Researchers from UCF’s Center for Research in Computer Vision (CRCV) had a strong showing at one of the top computer vision conferences in the world.

The annual Computer Vision and Pattern Recognition Conference (CVPR), which was held recently in New Orleans, is ranked as the fourth top publication venue among all sciences.

Mubarak Shah, UCF’s CRCV director and a Board of Trustees Chair Professor, organized the event as one of the conference’s general chairs.

Shah, along with three other CRCV faculty members, Department of Computer Science assistant professors Chen Chen and Yogesh Rawat, Department of Electrical and Computer Engineering Professor Nazanin Rahnavard, and 32 doctoral students and alumni, traveled more than 600 miles to experience the conference in person.

Matias Mendieta, one of Chen’s doctoral students, along with doctoral student Taojiannan Yang and researchers from Tulane University and the University of North Carolina at Charlotte, were finalists for the conference’s Best Paper Award.

Their paper ranked 33rd out of 8,161 entries from across the globe.

The paper, “Local Learning Matters: Rethinking Data Heterogeneity in Federated Learning,” is focused on providing insight for improving efficacy of federated learning, which is using collaborative machine learning while keeping new data local and private to a single device. The goal is to facilitate the development of strong machine learning models that can be trained without requiring access to private data.

Mendieta says this has impactful applications in various fields, such as medicine, where data often cannot be shared with other entities.

“Attending the oral presentations and poster sessions was insightful and inspiring,” Mendieta says. “I was grateful for the opportunity to present our work as an oral presentation during the conference.”

Computer science doctoral student Akash Kumar attended and presented his poster at the conference. His work, “End-to-End Semi-Supervised Learning for Video Action Detection,” explores how researchers can approach a problem with fewer labels.

“Video-action detection is a difficult task since it requires a lot of annotated, labeled data, which is extremely expensive,” Kumar says. “My approach investigates how we can achieve the same performance level but with much less labeled data, especially, how we can utilize unlabeled data efficiently.”

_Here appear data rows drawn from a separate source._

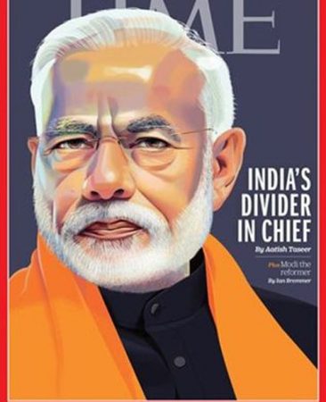 ಟೈಮ್ ನಿಯತಕಾಲಿಕೆ ತನ್ನ ಅಂತಾರಾಷ್ಟ್ರೀಯ ಆವೃತ್ತಿಯ ಮುಖಪುಟದಲ್ಲಿ ಪ್ರಧಾನಿ ನರೇಂದ್ರ ಮೋದಿ ಫೋಟೋ ಪ್ರಕಟಿಸಿದ್ದು, ‘ಇಂಡಿಯಾಸ್ ಡಿವೈಡರ್ ಇನ್ ಚೀಫ್'(ಭಾರತದ ಮುಖ್ಯ ವಿಭಜಕ) ಎಂಬ ಶೀರ್ಷಿಕೆ ನೀಡಿ ವಿವಾದ ಸೃಷ್ಟಿಸಿದೆ.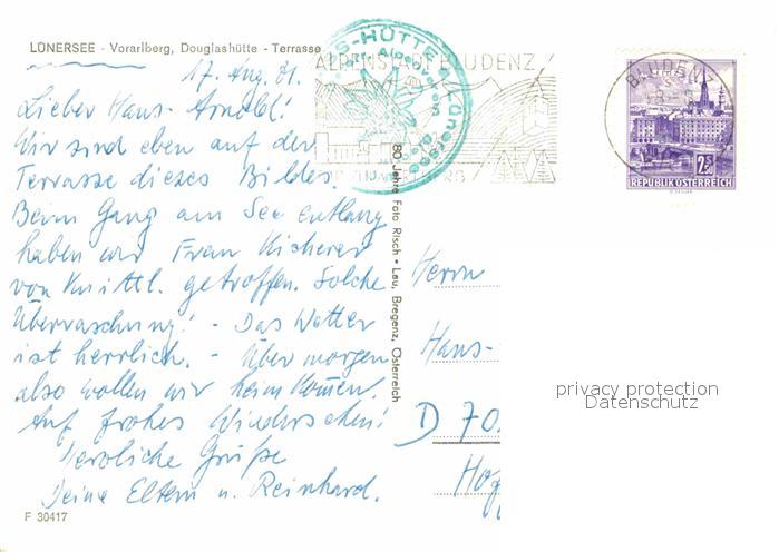 72627488 alte Postkarte Luenersee Vorarlberg Douglashuette Terrasse postalisch gelaufen Erhaltung siehe scans [FriedD77] KatCode: 11390341080129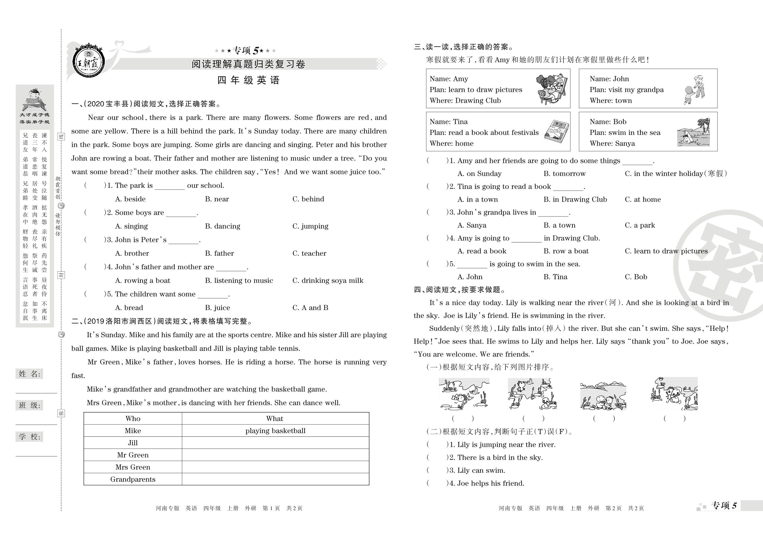王朝霞期末专项卷——阅读理解真题归类复习、绘本阅读四年级上册英语(外研版)【0】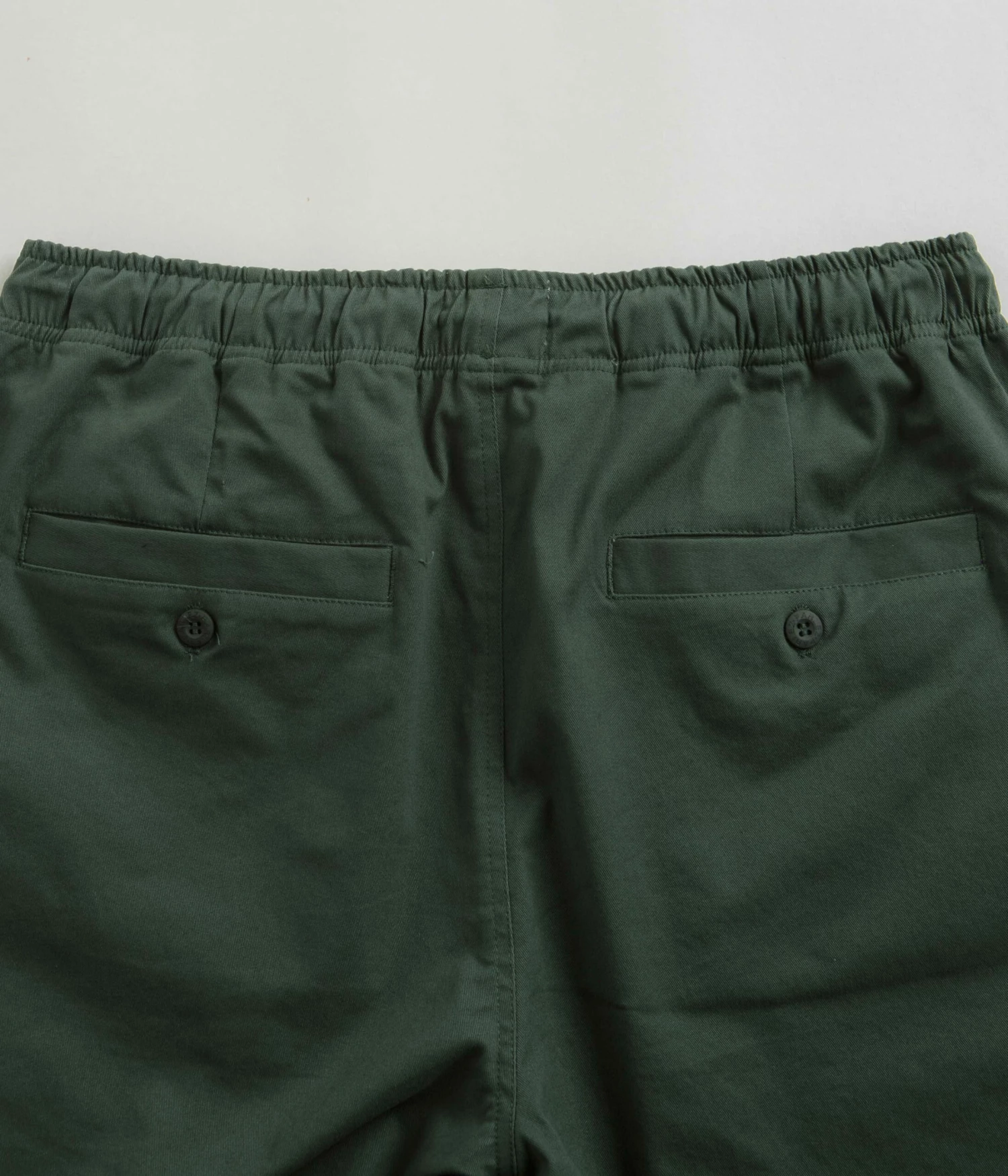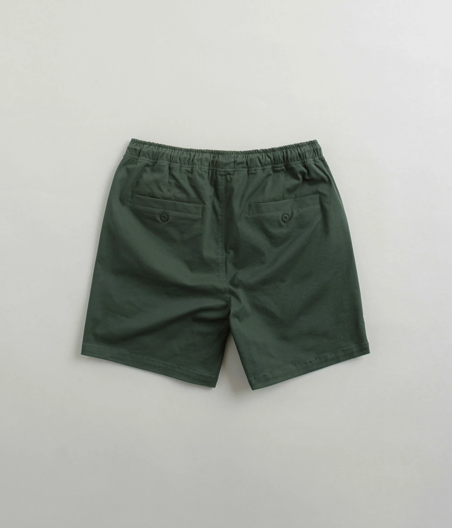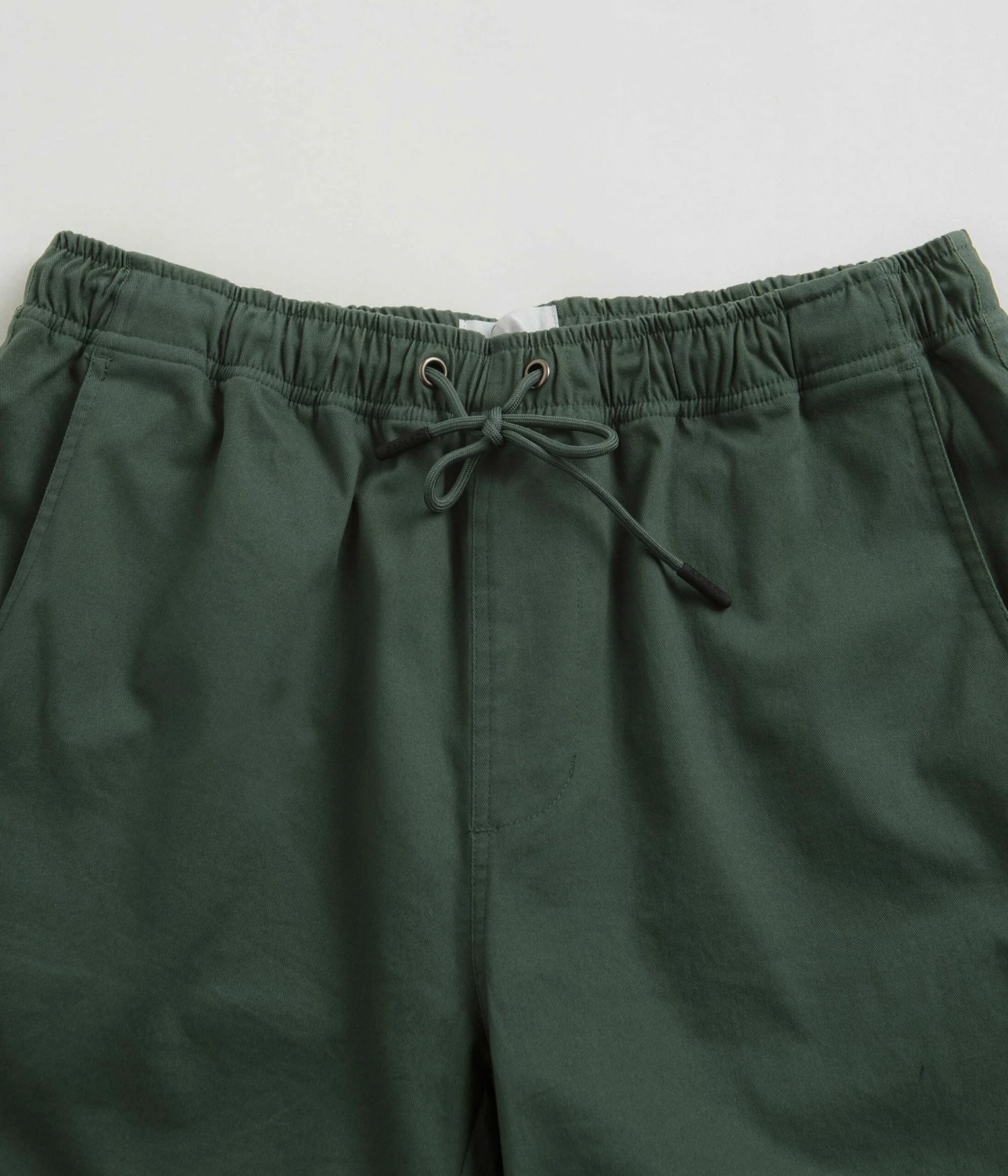Parlez Vandra Shorts in Deep Teal. Regular fitting with an elasticated waistband, these Parlez shorts are made from a cotton-spandex blend. Featuring a woven elastic waistband with branded metal aglets, these teal green Parlez shorts are finished with two front pockets, a rear pocket and embroidered logo branding.

In addition to experiencing high quality research and interacting with top researchers, students were able to speak with the numerous companies also in attendance. This was particularly important to Kumar, who plans to join industry after he graduates.

“I got to meet many professors who are experts in their respective research field, interacted with a lot of companies, and got to know what research industries are currently focused on and how they are tackling those problems in the real-world,” Kumar says. “It was nice to talk with senior Ph.D. students who can guide you how to do research and make consistent progress, since they are in the same boat as us. They helped me look at my research problem from a different perspective.”

CRCV group photo at CVPR
Attendees included, from bottom row (L to R): Sijie Zhu, Natnael Daba, Jyoti Kini, Rajat Modi, Akash Kumar, Matias Mendieta, Alec Kerrigan, Aisha Urooj, Swetha Sirnam, Parth Parag Kulkarni, Tushar Sangam, Adeel Yousaf, Aidean Sharghi, Mahdi M. Kalayeh, and Shervin Ardeshir. From top row (L to R): Jibanul Haque Jiban, James Beetham, Ishan Dave, Rohit Gupta, Moazam Soomro, Aakash Kumar, Mubarak Shah, Gonzalo Vaca, Khurram Soomro, Nasim Souly, Amir Mazaheri, Zacchaeus Scheffer, Arslan Basharat, Afshin Dehghan, Eyasu Semene Mequaanint, Leulseged Tesfaye Alemu, and Berkan Solmaz.

Alongside Shah, who acted as a General Co-Chair for the research conference, assistant professors Chen and Rawat both organized one-day interactive workshops.

Chen’s workshop, “Dynamic Neural Networks Meet Computer Vision,” brought together emerging research in the areas of dynamic deep neural networks optimization, predictive control, dynamic neuro-symbolic reasoning and computer vision in order to discuss open challenges and opportunities ahead.

Chen also was the lead organizer for “First International Workshop on Federated Learning for Computer Vision (FedVision),” a workshop on federated learning and how it can help keep information private.

Rawat organized a workshop titled “Robustness in Sequential Data.” Robustness is an important step toward developing reliable systems that can be deployed in the real world. This workshop encouraged researchers to explore robustness of models against real-world distribution shifts while operating on video and language based sequential data.

He was also a part of organizing the “Tiny Actions Challenge,” a focused task in a series of challenges that aims to recognize small, or tiny, actions in low-resolution videos that are not distinctly visible.

More than 5,500 people attended the conference in-person with another 2,000 joining virtually. It had been on a hiatus for three years thanks to the COVID-19 pandemic.

“We were not sure if we should do this in person or not, but finally decided to go ahead with an in-person conference,” Shah says. “It was a great success.”